- Provided data -
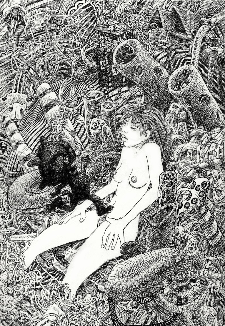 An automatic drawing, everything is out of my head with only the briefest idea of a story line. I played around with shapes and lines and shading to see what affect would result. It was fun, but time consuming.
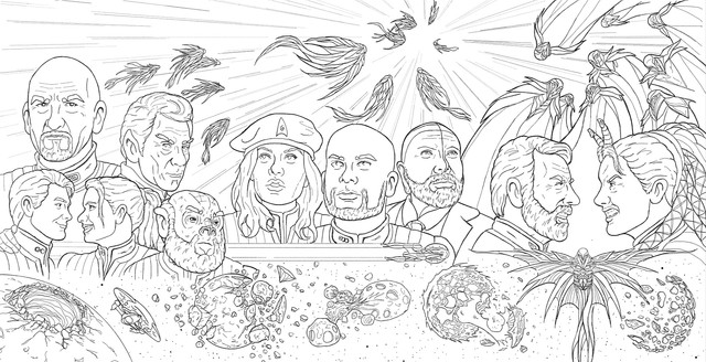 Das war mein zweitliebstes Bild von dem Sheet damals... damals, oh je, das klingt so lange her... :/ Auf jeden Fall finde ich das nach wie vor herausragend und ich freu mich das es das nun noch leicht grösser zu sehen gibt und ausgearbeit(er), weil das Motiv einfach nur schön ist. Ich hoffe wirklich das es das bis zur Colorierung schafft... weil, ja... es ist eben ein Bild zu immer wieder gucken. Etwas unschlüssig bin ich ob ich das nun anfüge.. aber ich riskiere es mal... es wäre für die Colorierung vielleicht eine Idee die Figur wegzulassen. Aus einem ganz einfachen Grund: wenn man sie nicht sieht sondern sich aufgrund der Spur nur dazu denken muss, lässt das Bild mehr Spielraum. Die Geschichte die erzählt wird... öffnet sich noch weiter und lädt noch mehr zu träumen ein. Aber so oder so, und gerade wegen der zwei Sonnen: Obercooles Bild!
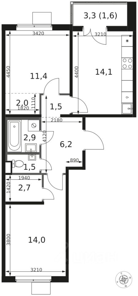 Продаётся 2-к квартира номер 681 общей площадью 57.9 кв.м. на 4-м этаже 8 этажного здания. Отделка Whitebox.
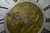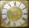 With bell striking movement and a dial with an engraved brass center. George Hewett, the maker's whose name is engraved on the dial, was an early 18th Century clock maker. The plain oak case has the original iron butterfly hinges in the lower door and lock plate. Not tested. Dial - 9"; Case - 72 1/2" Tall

...

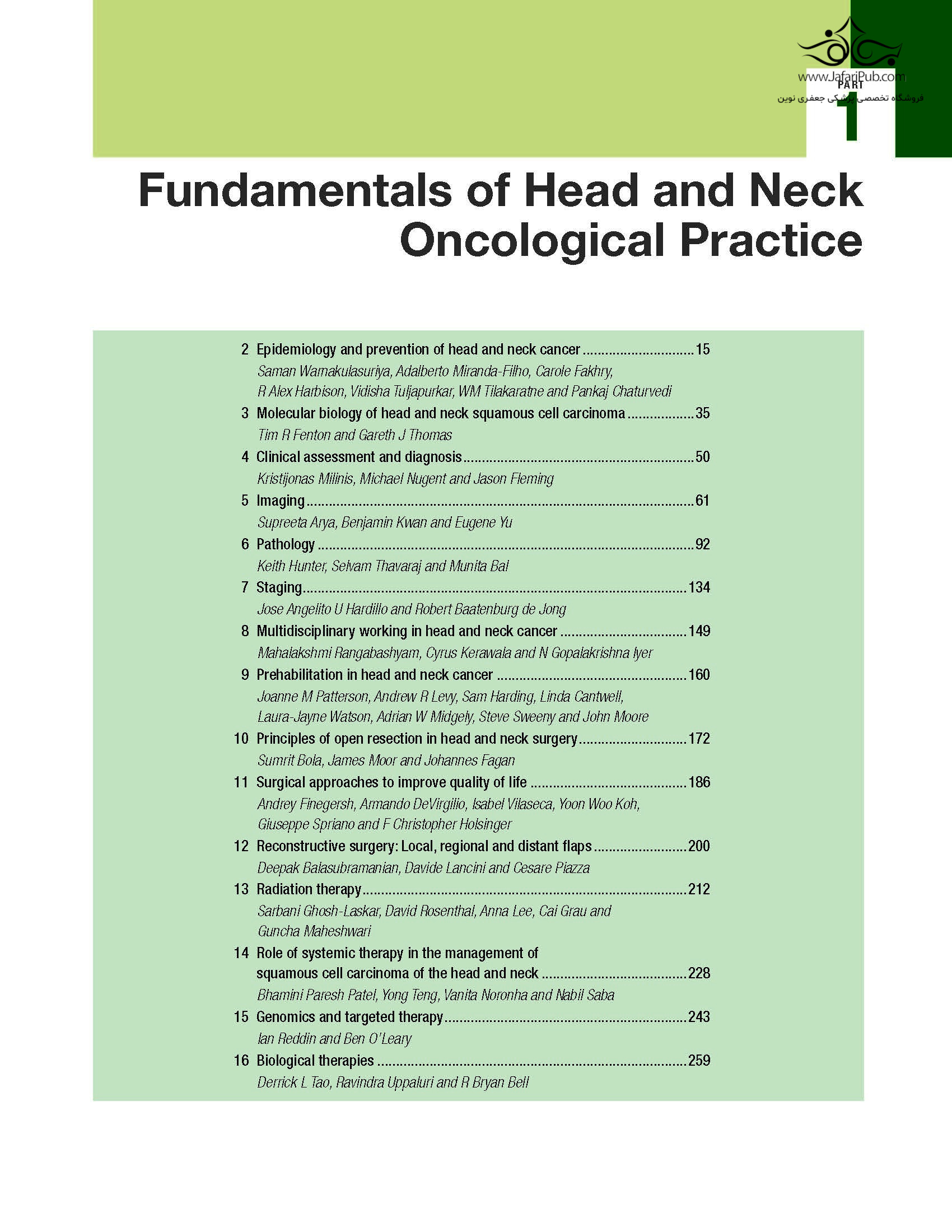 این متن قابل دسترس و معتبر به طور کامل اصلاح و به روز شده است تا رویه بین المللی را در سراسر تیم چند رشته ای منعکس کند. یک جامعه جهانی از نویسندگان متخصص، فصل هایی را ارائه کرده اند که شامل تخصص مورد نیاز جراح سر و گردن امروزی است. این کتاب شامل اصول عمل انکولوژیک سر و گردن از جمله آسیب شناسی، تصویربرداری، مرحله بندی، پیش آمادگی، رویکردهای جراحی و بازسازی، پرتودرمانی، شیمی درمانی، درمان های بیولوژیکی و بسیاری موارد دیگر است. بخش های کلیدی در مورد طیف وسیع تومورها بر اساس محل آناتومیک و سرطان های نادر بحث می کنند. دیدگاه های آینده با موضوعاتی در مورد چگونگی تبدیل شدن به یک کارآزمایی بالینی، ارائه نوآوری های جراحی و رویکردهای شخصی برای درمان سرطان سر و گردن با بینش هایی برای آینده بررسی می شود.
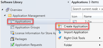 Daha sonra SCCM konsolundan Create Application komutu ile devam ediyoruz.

==

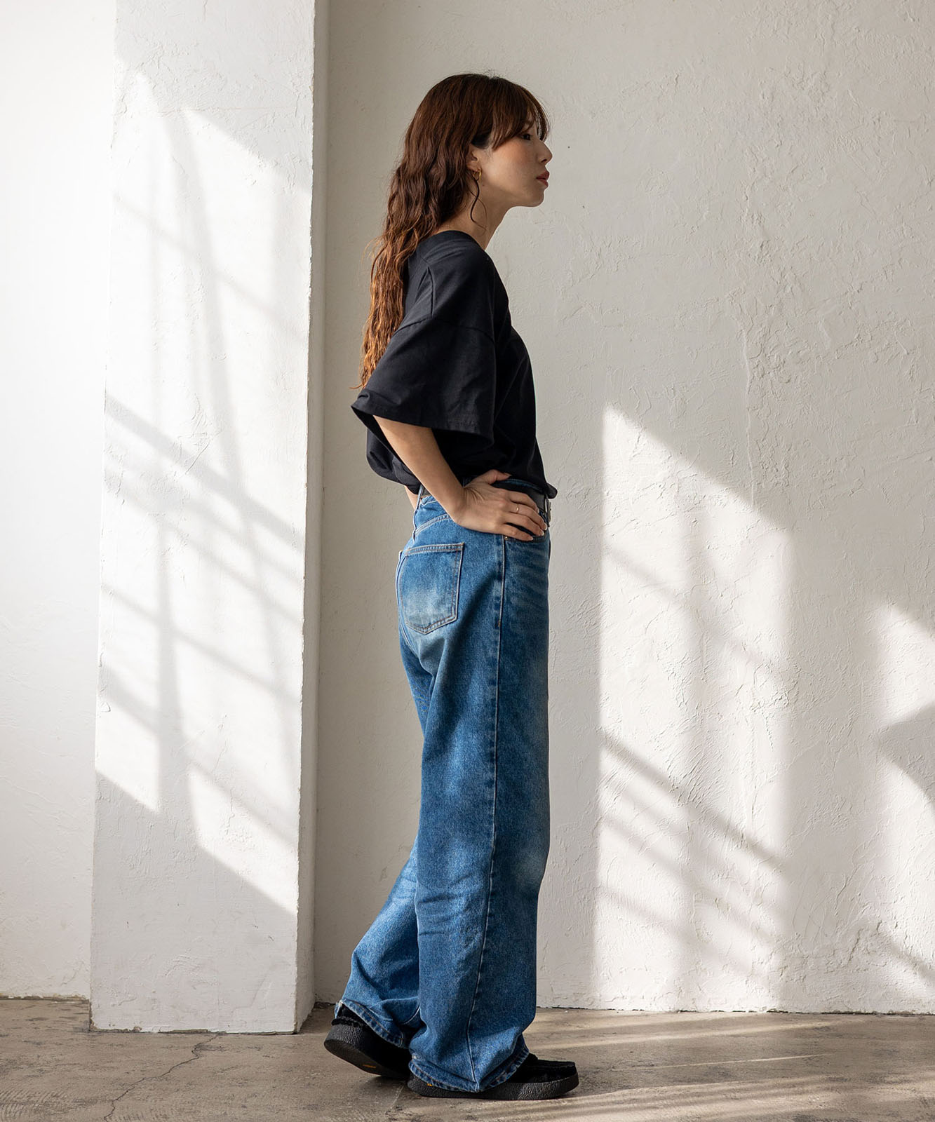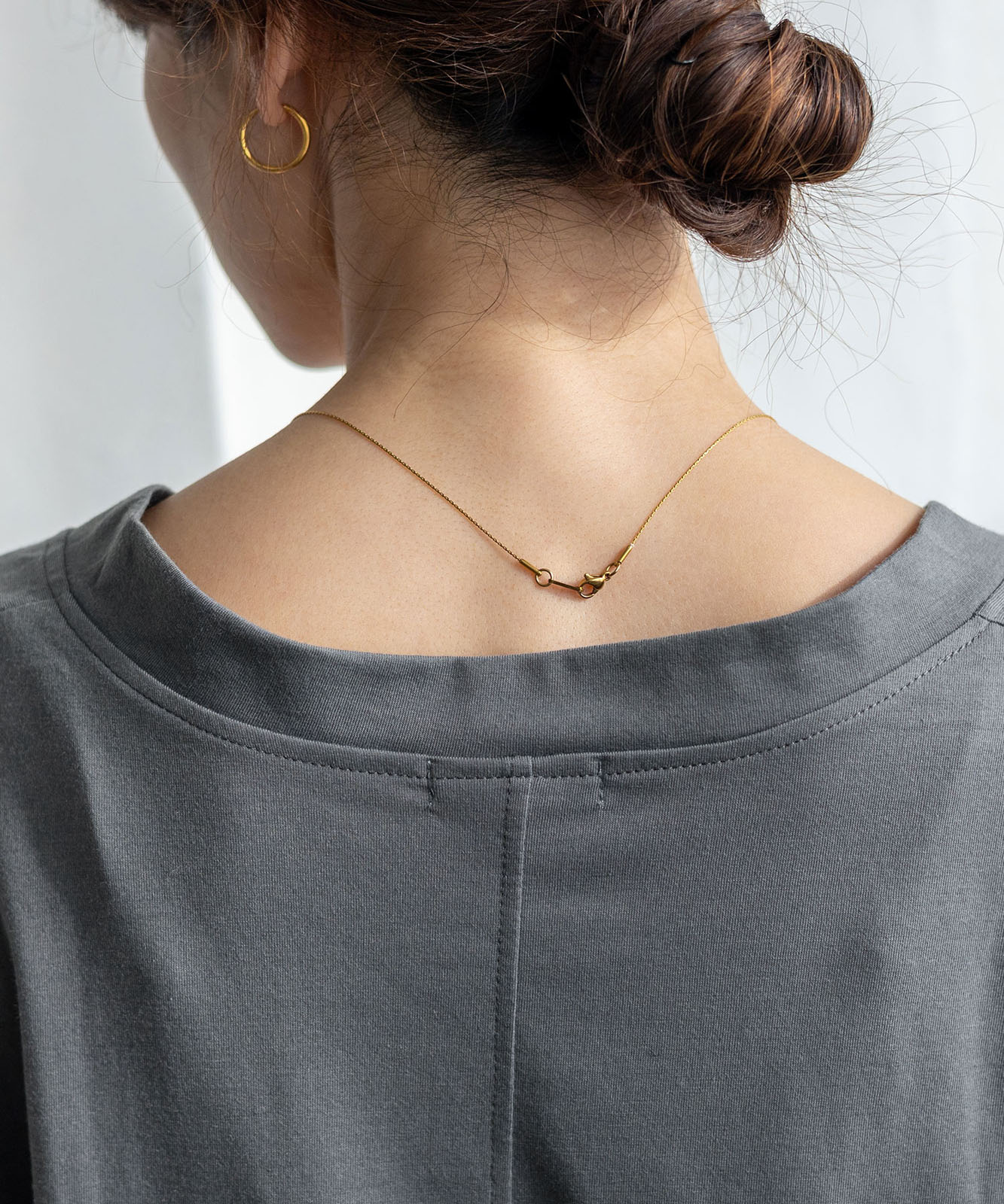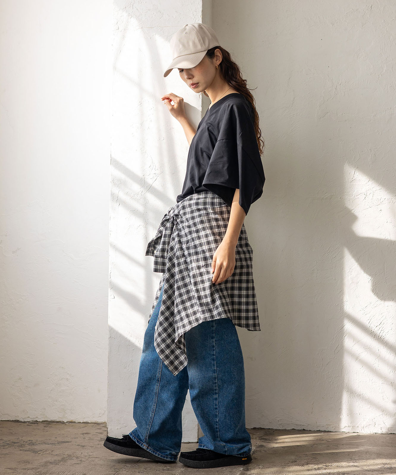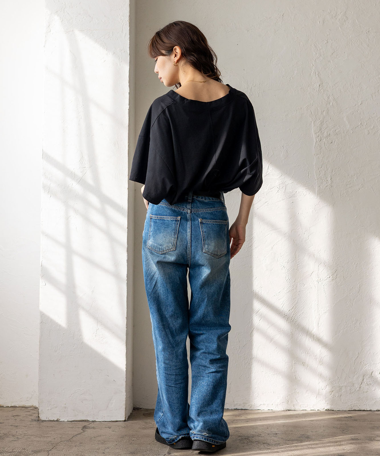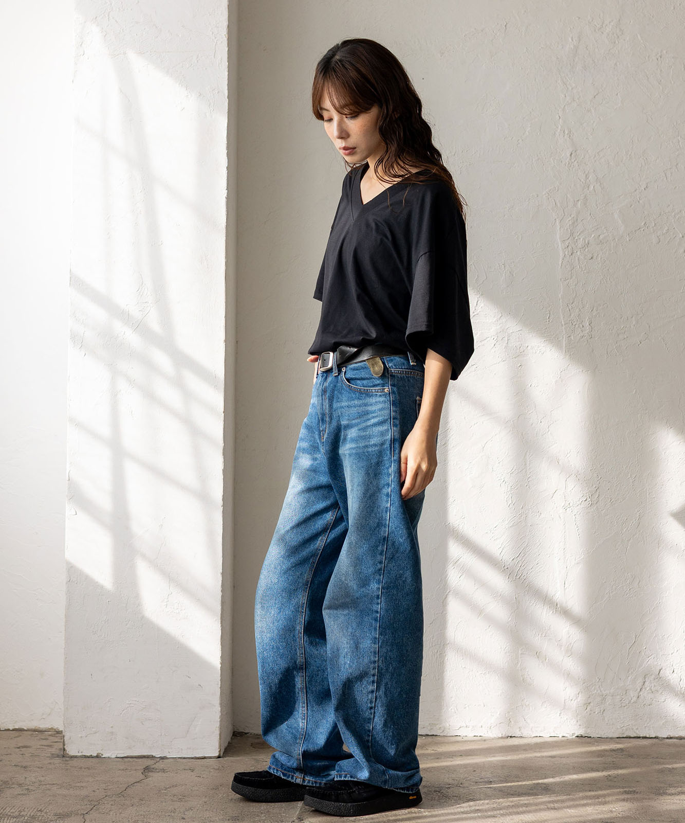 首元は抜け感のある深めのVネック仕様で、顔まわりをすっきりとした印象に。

- What this task involves -
In the data above, find the line containing "Продаётся 2-к квартира" and the line containing "With bell striking". Copy exactly the stretch from the first through the second, both included, leaving out any picture.

- Response -
 Продаётся 2-к квартира номер 681 общей площадью 57.9 кв.м. на 4-м этаже 8 этажного здания. Отделка Whitebox.
 With bell striking movement and a dial with an engraved brass center. George Hewett, the maker's whose name is engraved on the dial, was an early 18th Century clock maker. The plain oak case has the original iron butterfly hinges in the lower door and lock plate. Not tested. Dial - 9"; Case - 72 1/2" Tall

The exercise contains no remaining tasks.